Figure 12.4 shows the result: the arrow endpoints now align properly with the node sizes, creating a cleaner and more accurate visualization of the directed network.

normalise <- function(x, from = range(x), to = c(0, 1)) {
  x <- (x - from[1]) / (from[2] - from[1])
  if (!identical(to, c(0, 1))) {
    x <- x * (to[2] - to[1]) + to[1]
  }
  x
}

## map degree to the desired point-size range
V(g)$degree <- normalise(V(g)$degree, to = c(3, 11))

ggraph(g, "stress") +
  geom_edge_link(
    aes(end_cap = circle(node2.degree + 2, "pt")),
    edge_colour = "grey25",
    arrow = arrow(
      angle = 10,
      length = unit(0.15, "inches"),
      ends = "last",
      type = "closed"
    )
  ) +
  geom_node_point(aes(size = I(degree)), col = "grey66") +
  theme_graph()
Figure 12.4: Directed network with corrected arrow endpoints using I() for node sizes.

12.3.2 Transparent Nodes Without Edge Bleed-Through

A useful principle in network visualization is that edges should not be drawn on top of nodes. Drawing edges before nodes in the layer stack normally takes care of this. However, when node opacity is mapped to an attribute, edges become visible through the semi-transparent nodes again, as shown in Figure 12.5.

g <- sample_gnp(20, 0.5)
V(g)$degree <- degree(g)

ggraph(g, "stress") +
  geom_edge_link(edge_colour = "grey66") +
  geom_node_point(
    size = 8,
    aes(alpha = degree),
    col = "red",
    show.legend = FALSE
  ) +
  theme_graph()
Figure 12.5: Network with transparent nodes where edges are visible underneath.

The fix is to add an extra node layer between the edges and the transparent nodes: a set of fully opaque points in the background colour. These act as masks that hide the edges underneath, while the coloured layer on top still shows the intended transparency effect.

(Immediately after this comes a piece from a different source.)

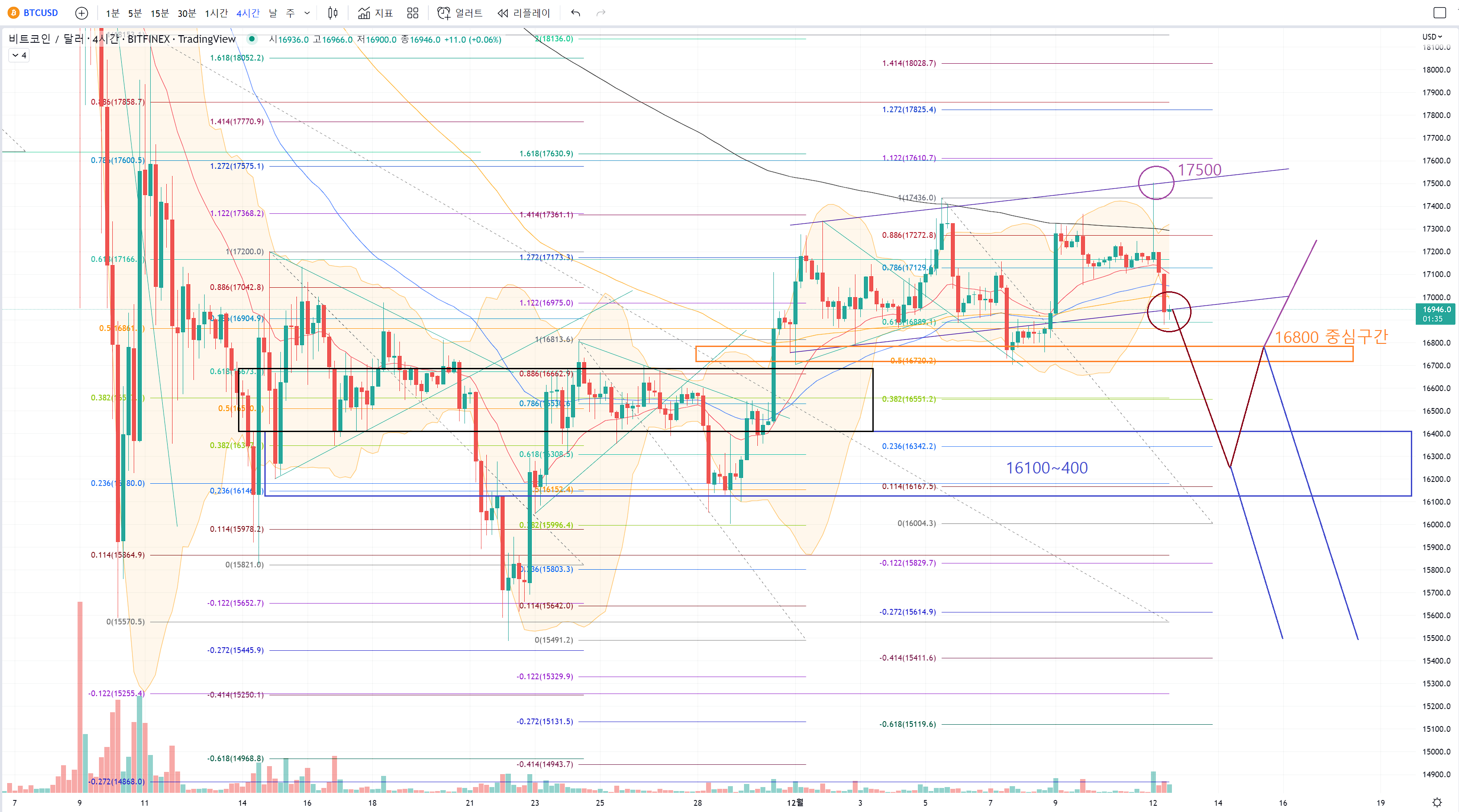 비트코인이 16800에서 무너졌을경우 갈색선과 보라색선처럼 나오는 방법이 아니면

Figure 12.6 shows the result.

ggraph(g, "stress") +
  geom_edge_link(edge_colour = "grey66") +
  geom_node_point(size = 8, col = "white") +
  geom_node_point(
    aes(alpha = degree),
    size = 8,
    col = "red",
    show.legend = FALSE
  ) +
  theme_graph()
Figure 12.6: Network with opaque white background layer to hide edges beneath transparent nodes.

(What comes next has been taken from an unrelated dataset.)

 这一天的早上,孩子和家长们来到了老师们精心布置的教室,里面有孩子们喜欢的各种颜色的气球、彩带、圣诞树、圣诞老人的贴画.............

Note that the background colour of the masking layer needs to match the plot background — in this case white, since theme_graph() uses a white background by default.

12.3.3 Improving Label Readability in Dense Networks

In dense networks, node labels can easily become unreadable when they overlap with edges and other nodes. Figure 12.7 shows a typical example where even bold labels are difficult to parse.

g <- sample_gnp(50, 0.7)
V(g)$name <- sapply(1:50, function(x) paste0(sample(LETTERS, 4), collapse = ""))
E(g)$weight <- runif(ecount(g))

ggraph(g) +
  geom_edge_link0(
    aes(edge_color = weight, edge_linewidth = weight),
    show.legend = FALSE
  ) +
  geom_node_point(size = 8, color = "#44a6c6") +
  geom_node_text(aes(label = name), fontface = "bold") +
  scale_edge_color_continuous(low = "grey66", high = "black") +
  scale_edge_width(range = c(0.1, 0.5)) +
  theme_graph() +
  coord_fixed()
Using "stress" as default layout
Figure 12.7: Dense network with hard-to-read node labels.

Since ggraph stores the node layout in a data frame accessible to all layers, we can use geoms from other packages that operate on standard x and y aesthetics. The shadowtext package provides geom_shadowtext(), which draws a coloured halo behind each label, making it stand out against both edges and nodes, shown in Figure 12.8.

ggraph(g, "stress") +
  geom_edge_link0(
    aes(edge_color = weight, edge_linewidth = weight),
    show.legend = FALSE
  ) +
  geom_node_point(size = 8, color = "#44a6c6") +
  shadowtext::geom_shadowtext(
    aes(x, y, label = name),
    color = "black",
    size = 4,
    bg.colour = "white"
  ) +
  scale_edge_color_continuous(low = "grey66", high = "black") +
  scale_edge_width(range = c(0.1, 0.5)) +
  theme_graph() +
  coord_fixed()
Figure 12.8: Dense network with improved label readability using shadowtext.